Rational Functions – Homework Help

[zebra1707]

Hi there

I have a Rational function y = 1 / x^2-1 . I have a good idea what the graph looks it, it will have vertical asymptotes at -1 and 1 and I can work out the y intercept (-1 concave down). However I'm not sure about the other parts to the question.

Homework Statement

dy/dx = - 2x/(x-1)^2(x+1)^2

The other parts of the question are as follows:

b) Find any turning points and determine their nature
c) For what values of x is the curve discontinous
d) How does the curve behave when x(arrow)(infinity) and when x(arrow)(-infinity)
e) Show f(x) = f(-x)
f) Find f(2) and f(-2)

Homework Equations

The Attempt at a Solution

Needing some guidence about where to start and setting out.

Cheers P

 

[Cyosis]

Which of these are causing problems?

 

[zebra1707]

Hi there

b) to f) is causing the problem

Many thanks P

 

[The Chaz]

b) Set the derivative = 0
c) undefined => discontinuous
d) google end behavior/horizontal asymptotes
e) i.e. "show that this is an even function" (google "even function")
f) google evaluating functions.

Have you tried part f)? It seems strange that you could take the derivative of a function (using chain/quotient rule) and NOT know how to plug in 2.

 

[Cyosis]

It's time for you to show some work. It is hard to believe that all of these give you trouble.

 

[zebra1707]

It's time for you to show some work. It is hard to believe that all of these give you trouble.

Part b)

I use the f '(x) to find the turning point and determine their nature.
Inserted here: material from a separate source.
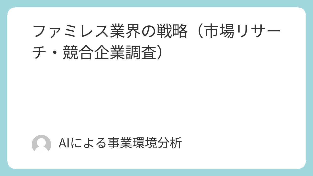 本レポートは、日本のファミリーレストラン(以下、ファミレス)業界が直面する、深刻な人手不足、原材料費・エネルギー価格の高騰、消費者のライフスタイルと価値観の急速な変化、そしてデジタルトランスフォーメーション(DX)の波という複合的な構造課題を多角的に分析し、持続可能な成長を実現するための事業戦略を提言することを目的とする。調査対象は、総合型および専門型のファミレスチェーンに加え、そのエコシステムを構成する食品卸、厨房機器、デリバリープラットフォームといった関連業界までを範囲に含む。
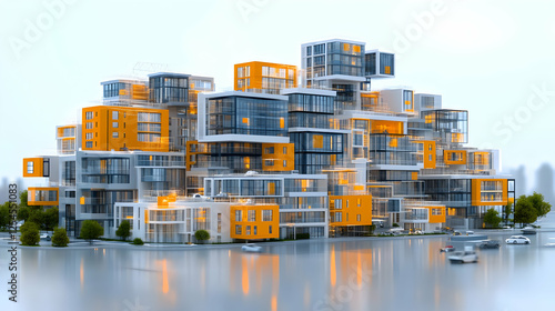 Futuristic city waterfront complex

I think that the second derivative is - (2x/(x^2-1) or - (2x/(x-1)^2(x+1)2

Therefore the stationary points where dy/dx = 0 ie x = +1 and -1

Therefore when x = +1 y + 0 and when x = -1 y = 0

Therefore (1,0) and (0,-1) are the stationary points ( this does not look right)

To determine the Nature of these stationary points we examine the sign of the gradient function which is - (2x/(x^2-1)

which we have seen has a zero value when x = -1 or x = 1

Or should I use the second derivative??

Im getting bogged down and confused.

 

[The Chaz]

I have never used the exact phrase "turning points" in this context, but it probably means "relative extrema" (i.e. relative max/min).
These can occur only where the derivative ("gradient") is zero. You have found the derivative in your original post. It is a fraction. A fraction is zero when its NUMERATOR is zero. Should be pretty straightforward.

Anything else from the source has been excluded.